Data for review:

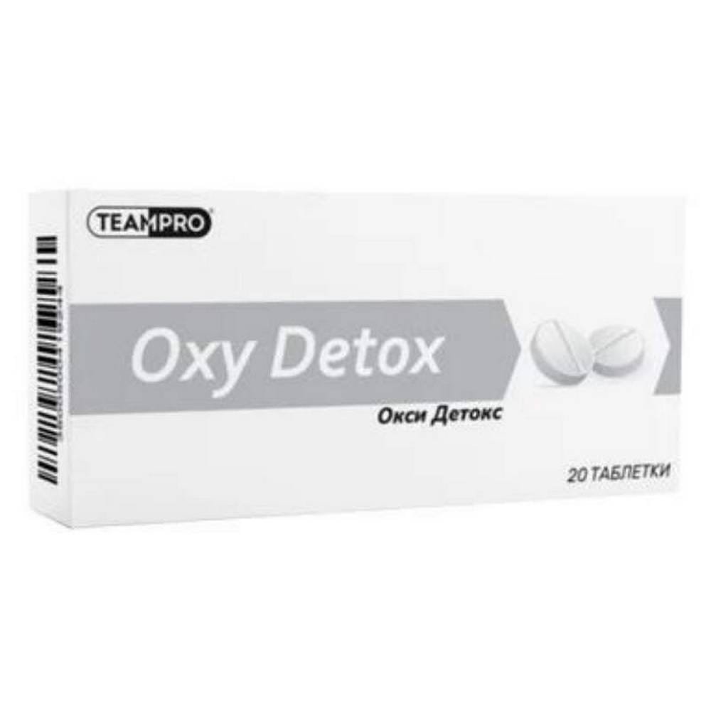 Oxy Detox from Team Pro has the active ingredient white coal, 98% of the composition of each tablet contains oxygen. It stimulates intestinal motility and the release of harmful substances from the body.
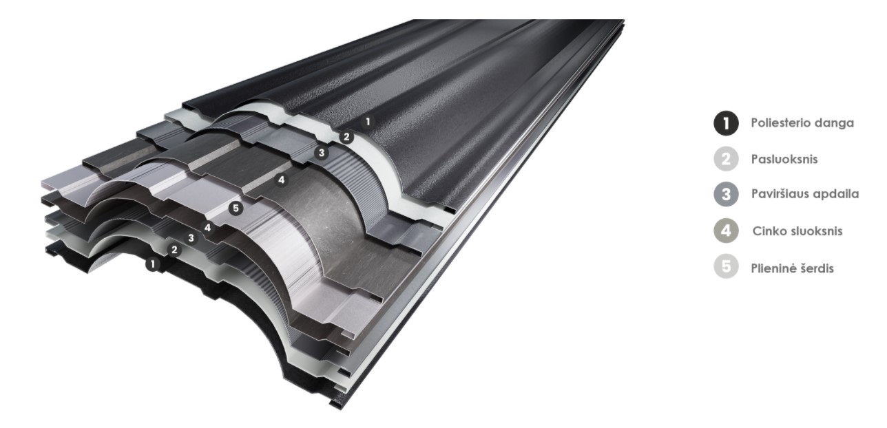 Padengimai: RAL7016 (tamsi grafitinė), poliesteris, tiesūs galai
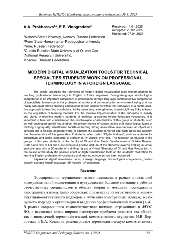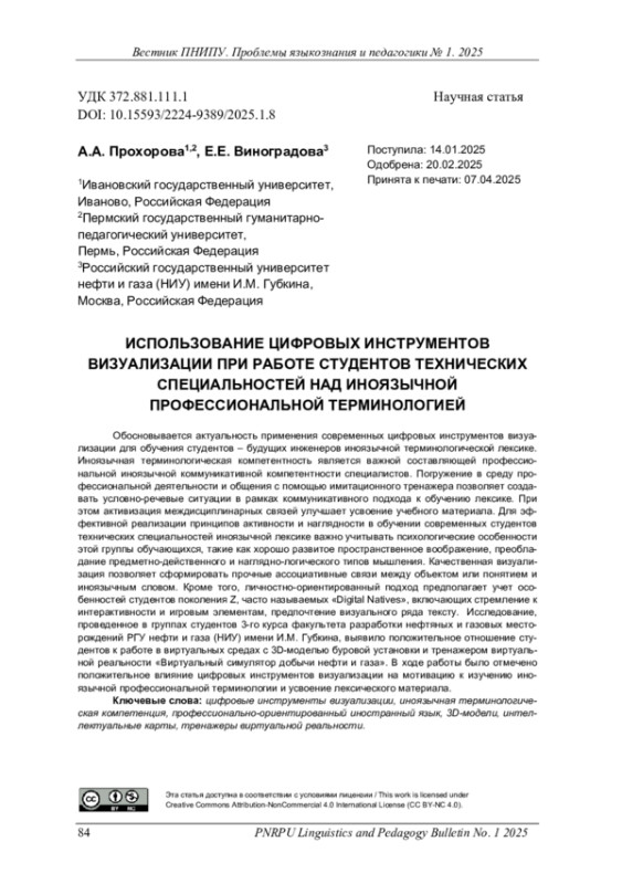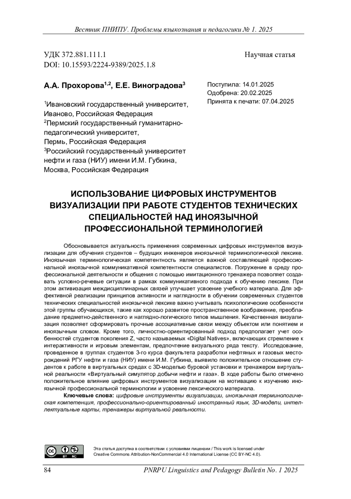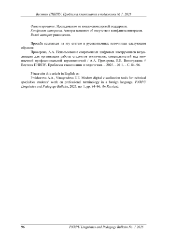 ПРОХОРОВА А. А., ВИНОГРАДОВА Е. Е. ИСПОЛЬЗОВАНИЕ ЦИФРОВЫХ ИНСТРУМЕНТОВ ВИЗУАЛИЗАЦИИ ПРИ РАБОТЕ СТУДЕНТОВ ТЕХНИЧЕСКИХ СПЕЦИАЛЬНОСТЕЙ НАД ИНОЯЗЫЧНОЙ ПРОФЕССИОНАЛЬНОЙ ТЕРМИНОЛОГИЕЙ // ВЕСТНИК ПЕРМСКОГО НАЦИОНАЛЬНОГО ИССЛЕДОВАТЕЛЬСКОГО ПОЛИТЕХНИЧЕСКОГО УНИВЕРСИТЕТА. ПРОБЛЕМЫ ЯЗЫКОЗНАНИЯ И ПЕДАГОГИКИ. 2025. № 1
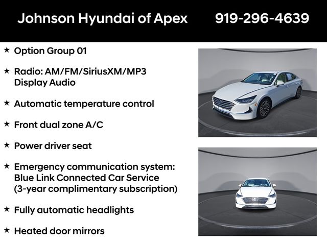Apple CarPlay & Android Auto, Automatic temperature control, Emergency communication system: Blue Link Connected Car Service (3-year complimentary subscription), Front dual zone A/C, Fully automatic headlights, Heated door mirrors, Heated Front Bucket Seats, Option Group 01, Outside temperature display, Power driver seat, Power passenger seat, Radio: AM/FM/SiriusXM/MP3 Display Audio, Telescoping steering wheel.
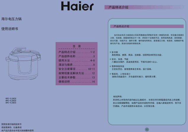 海尔 智能电压力锅HPC-YLS503 说明书
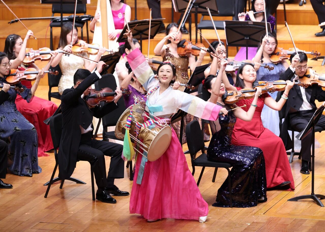 打擊樂演奏家戚潔與指揮及樂團攜手合作,精彩演繹了長鼓與樂隊《紅太陽照邊疆》。她那清亮優(yōu)美的鼓聲,翩然起舞的擊鼓姿態(tài),以及色彩艷麗的傳統(tǒng)民族服飾,不僅喚醒了幾代人心中深植的歲月記憶,更讓全場觀眾合著節(jié)拍,在心中跟隨演奏的旋律一同輕聲吟唱。
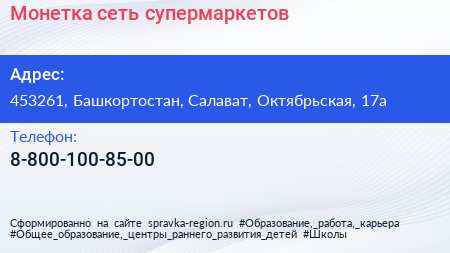Монетка, сеть супермаркетов по адресу 453261, Башкортостан, Салават, Октябрьская, 17а в дальнейшем Организация, размещена в следующих категориях:

What the task asks: Each line from the beginning of the entries up to and including the one containing "ПРОХОРОВА А. А., ВИНОГРАДОВА" must be restated exactly. Pictures are to be left out.

Exercise result:
 Oxy Detox from Team Pro has the active ingredient white coal, 98% of the composition of each tablet contains oxygen. It stimulates intestinal motility and the release of harmful substances from the body.
 Padengimai: RAL7016 (tamsi grafitinė), poliesteris, tiesūs galai
 ПРОХОРОВА А. А., ВИНОГРАДОВА Е. Е. ИСПОЛЬЗОВАНИЕ ЦИФРОВЫХ ИНСТРУМЕНТОВ ВИЗУАЛИЗАЦИИ ПРИ РАБОТЕ СТУДЕНТОВ ТЕХНИЧЕСКИХ СПЕЦИАЛЬНОСТЕЙ НАД ИНОЯЗЫЧНОЙ ПРОФЕССИОНАЛЬНОЙ ТЕРМИНОЛОГИЕЙ // ВЕСТНИК ПЕРМСКОГО НАЦИОНАЛЬНОГО ИССЛЕДОВАТЕЛЬСКОГО ПОЛИТЕХНИЧЕСКОГО УНИВЕРСИТЕТА. ПРОБЛЕМЫ ЯЗЫКОЗНАНИЯ И ПЕДАГОГИКИ. 2025. № 1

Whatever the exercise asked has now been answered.